> _Task_:
Output the first line of the listing and each line after it, up to and including the line that contains "Da una impresión", exactly as written, minus the pictures.

(Beginning of Collected material)

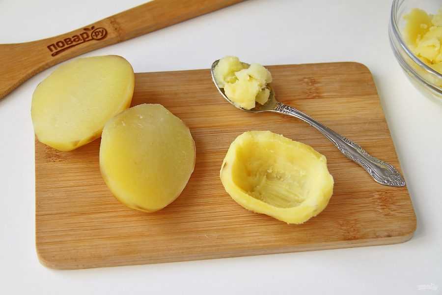 Из вареной картошки сделайте своеобразные лодочки, выскребав ложкой мякоть.
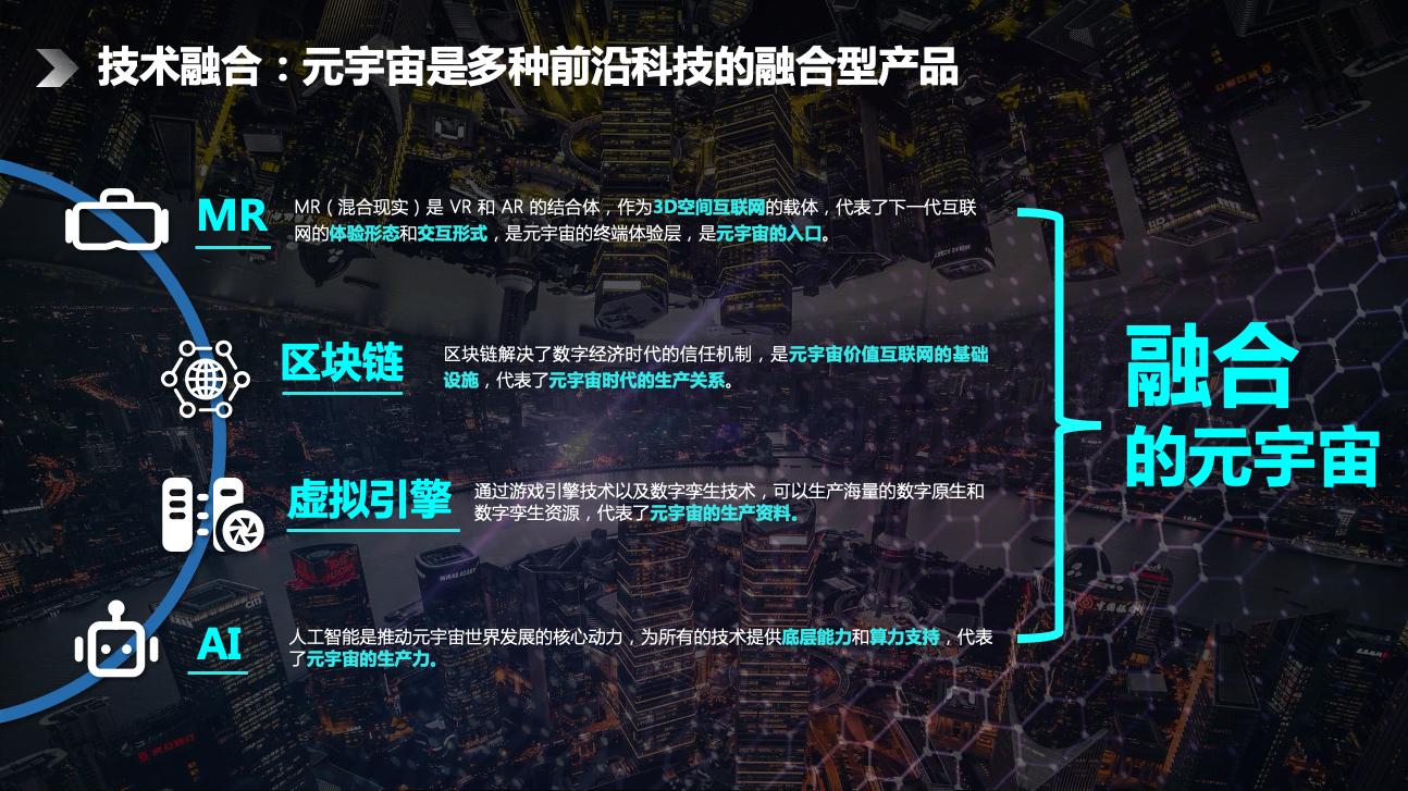 现在来总结一下我们眼中的元宇宙,第一“技术融合”,AI技术将成为所有技术的底层能力和算力支持,虚拟引擎为元宇宙提供生产资料,区块链技术为元宇宙提供数字资产管理的基础设施,最终MR技术将成为元宇宙的终端体验层。第二“虚实共生”,从底层资产层和终端体验层的角度,实现虚实结合,让数字经济可以为实体赋能。第三“应用场景”,将前面所说的功能应用于具体场景,帮助线下导流、降本增效,在商业场景中创造价值。
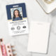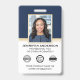 Da una impresión profesional con este diseño clásico de identificación. Personalice fácilmente con su foto de identificación, nombre, cargo, nombre de la empresa y código QR. Se proporciona espacio para su logotipo y dos símbolos de acreditación. Todo el texto se puede personalizar para adaptarlo a sus necesidades de negocio. Colores impresos: azul marino muy oscuro, blanco y dorado.
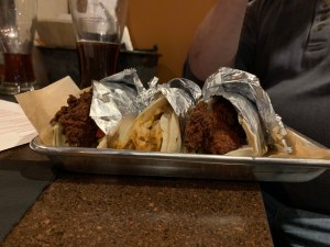 Ted got three tacos – one of the Buttermilk Fried Chicken tacos from the House Specialties section of the menu, and then two tacos that he created himself – a blackened chicken with pineapple, and a fried chicken with Verde sauce.

(End of Collected material)

> _Result for this exercise_:
 Из вареной картошки сделайте своеобразные лодочки, выскребав ложкой мякоть.
 现在来总结一下我们眼中的元宇宙,第一“技术融合”,AI技术将成为所有技术的底层能力和算力支持,虚拟引擎为元宇宙提供生产资料,区块链技术为元宇宙提供数字资产管理的基础设施,最终MR技术将成为元宇宙的终端体验层。第二“虚实共生”,从底层资产层和终端体验层的角度,实现虚实结合,让数字经济可以为实体赋能。第三“应用场景”,将前面所说的功能应用于具体场景,帮助线下导流、降本增效,在商业场景中创造价值。
 Da una impresión profesional con este diseño clásico de identificación. Personalice fácilmente con su foto de identificación, nombre, cargo, nombre de la empresa y código QR. Se proporciona espacio para su logotipo y dos símbolos de acreditación. Todo el texto se puede personalizar para adaptarlo a sus necesidades de negocio. Colores impresos: azul marino muy oscuro, blanco y dorado.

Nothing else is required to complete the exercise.